Quantum computing is anticipated to support many new and enhanced capabilities including:
- Ultra-secure Data and Communications: Data is encrypted and also follow multiple paths through a phenomenon known as quantum teleportation
- Super-dense Data and Communications: Significantly denser encoding will allow substantially more information to be sent from point A to point B
While there is great promise for quantum computing, it remains in the research and development (R&D) stage as companies, universities, and research organizations see to solve some of the practical problems for commercialization such as how to keep a qubit stable.
The stability problem is due to molecules always being in motion, even if that motion is merely a small vibration. When qubits are disturbed, a conditioned referred to as decoherence occurs, rendering computing results unpredictable or even useless.

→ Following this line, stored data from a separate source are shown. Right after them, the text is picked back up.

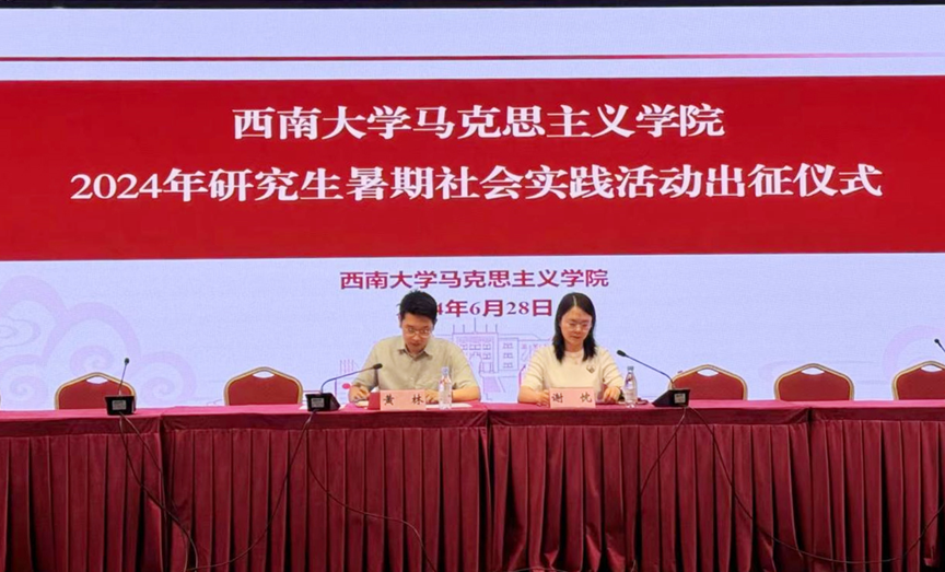 6月28日,必赢3003no1线路检测中心在505报告厅举行了2024年研究生暑期社会实践活动出征仪式,学院研究生教学办公室主任兼教学秘书谢忱、研究生辅导员黄林出席,实践队全体成员参加。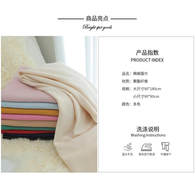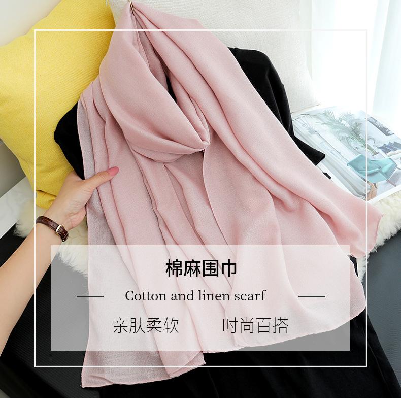 Bufanda de algodón y lino para mujer, de seda, de color liso, cuadrada, de estilo moderno, fina y artística, larga, combinable.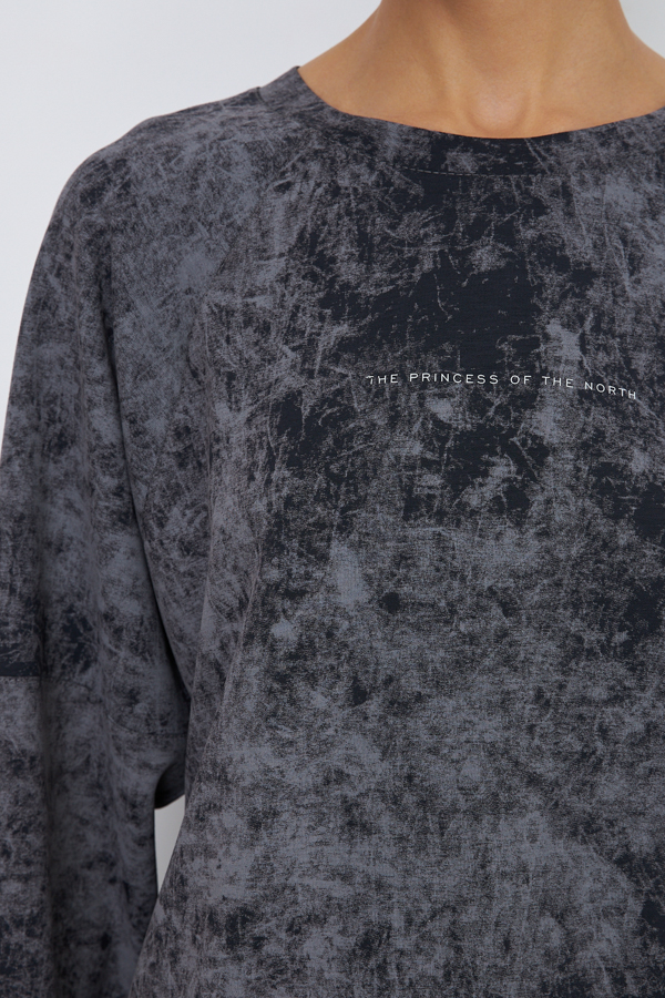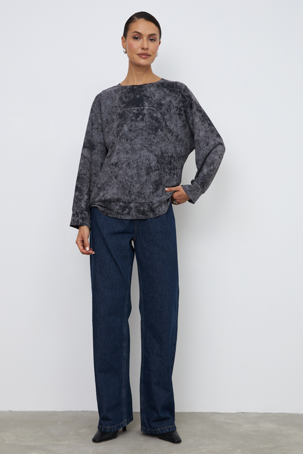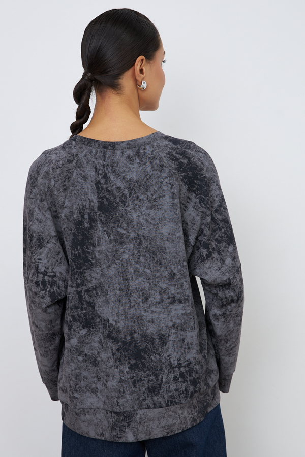 Свитшот свободного силуэта из эластичного полотна. Круглый вырез горловины оформлен бейкой. Рукав реглан с горизонтальным швом в области локтевого сгиба. По низу изделия и рукавов выполнены притачной пояс и манжеты из основной ткани. В таблице размеров представлены параметры человека, а не изделия.

One of the potential solutions is to use super-cooling methods such as cryogenics. Some say there is a need to reach absolute zero (the temperature at which all molecular motion ceases), but that is a theoretical temperature that is practically impossible to reach and even more difficult to maintain. If possible, it would require enormous amounts of energy.
Leading companies focused on quantum computing include Microsoft, Intel, Rigetti Computing, D-Wave Systems, and a few other notable organizations
There are some room temperature quantum computers in R&D using photonic qubits, but nothing is yet scalable. Some experts say that if the qubit energy level is high enough, cryogenic type cooling is not a requirement. Alternatives include ion trap quantum computing and other methods to achieve very cold super-cooled small scale demonstrate level computing platforms.
Additional issues arise with quantum computing due to quantum effects at the atomic level, such as interference between electrons. The implications are that Moore’s law breaks down, which means one cannot simply assume computational innovation will grow at the same pace with quantum computers.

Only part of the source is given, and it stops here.